DIRECTIONS FOR THIS TASK: Instruction for the entries that follow: retype exactly the lines from the line with "Cooperativas eléctricas se" to the line with "헐시티는 지난 리버풀전에서", both included, and omit all others.

DATA FOR ANALYSIS:
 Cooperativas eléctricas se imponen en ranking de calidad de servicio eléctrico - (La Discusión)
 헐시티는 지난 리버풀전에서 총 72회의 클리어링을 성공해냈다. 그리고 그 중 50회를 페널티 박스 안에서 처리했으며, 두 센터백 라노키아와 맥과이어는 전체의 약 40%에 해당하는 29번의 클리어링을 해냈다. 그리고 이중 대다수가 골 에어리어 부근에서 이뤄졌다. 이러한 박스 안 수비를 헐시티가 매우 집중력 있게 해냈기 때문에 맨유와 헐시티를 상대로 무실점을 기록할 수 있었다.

---

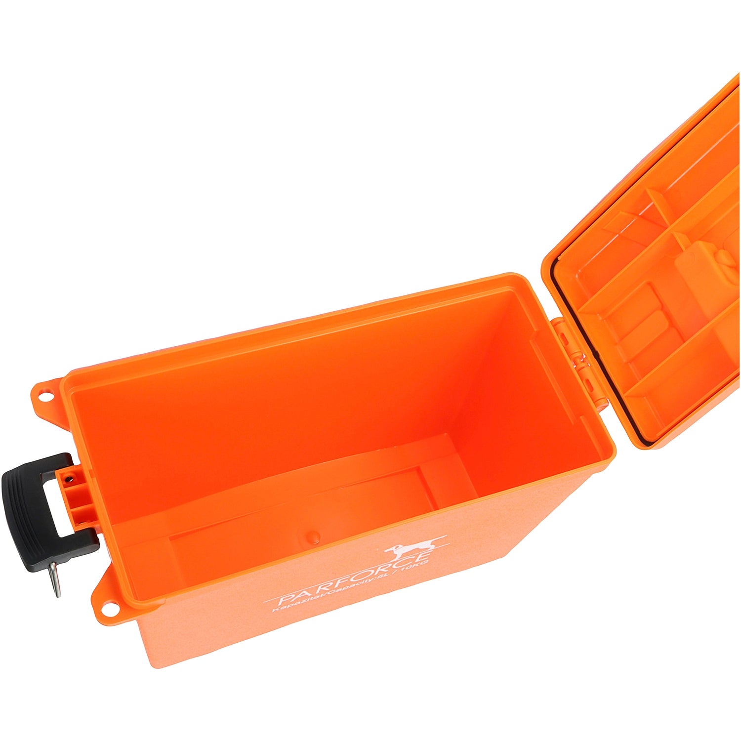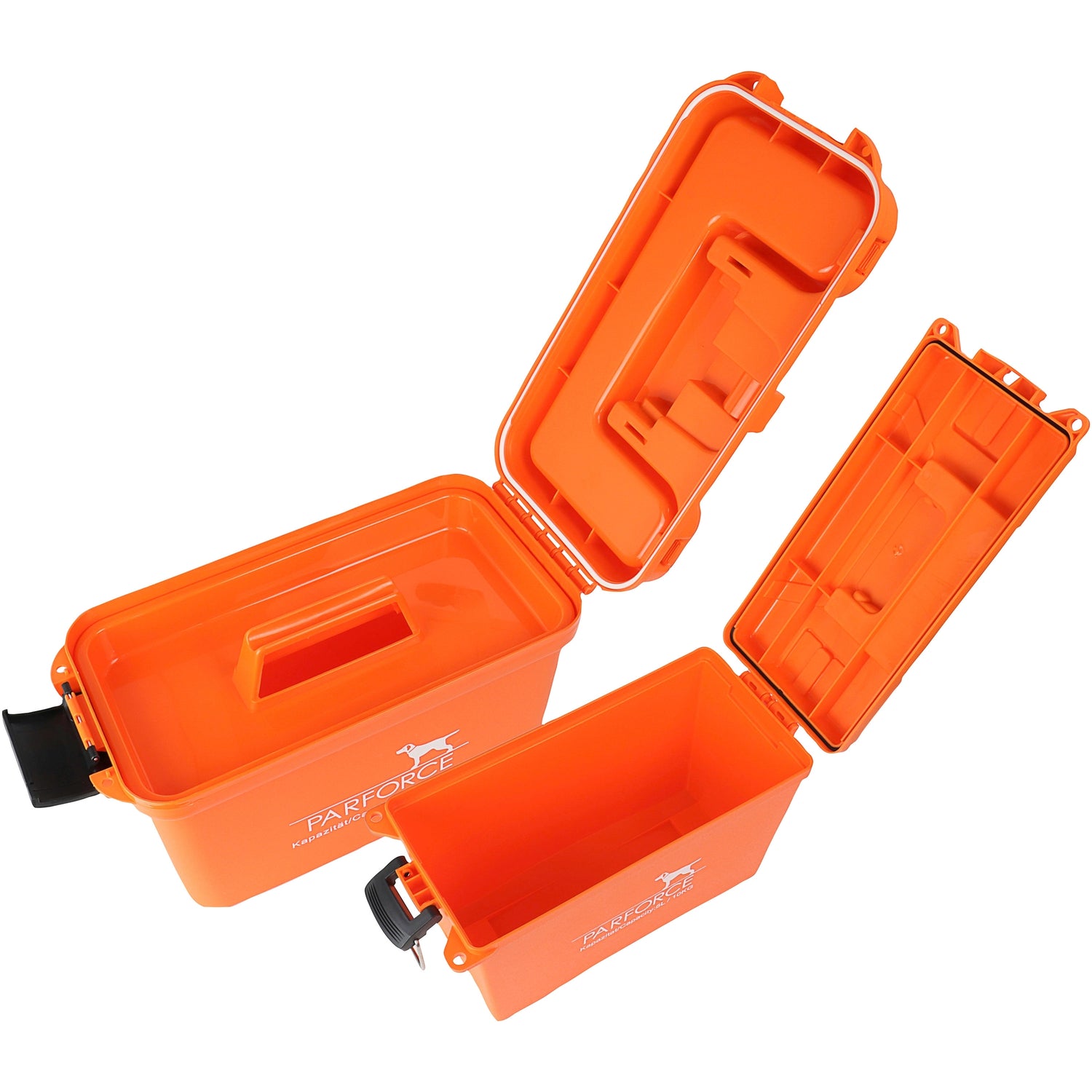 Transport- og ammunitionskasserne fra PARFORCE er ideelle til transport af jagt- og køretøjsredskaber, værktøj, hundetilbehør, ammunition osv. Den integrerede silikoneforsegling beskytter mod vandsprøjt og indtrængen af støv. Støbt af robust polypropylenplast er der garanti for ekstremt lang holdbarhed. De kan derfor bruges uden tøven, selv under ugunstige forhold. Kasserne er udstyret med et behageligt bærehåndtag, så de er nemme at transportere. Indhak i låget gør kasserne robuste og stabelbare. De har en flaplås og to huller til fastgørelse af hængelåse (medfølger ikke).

RESULT OF THE EXERCISE:
 Cooperativas eléctricas se imponen en ranking de calidad de servicio eléctrico - (La Discusión)
 헐시티는 지난 리버풀전에서 총 72회의 클리어링을 성공해냈다. 그리고 그 중 50회를 페널티 박스 안에서 처리했으며, 두 센터백 라노키아와 맥과이어는 전체의 약 40%에 해당하는 29번의 클리어링을 해냈다. 그리고 이중 대다수가 골 에어리어 부근에서 이뤄졌다. 이러한 박스 안 수비를 헐시티가 매우 집중력 있게 해냈기 때문에 맨유와 헐시티를 상대로 무실점을 기록할 수 있었다.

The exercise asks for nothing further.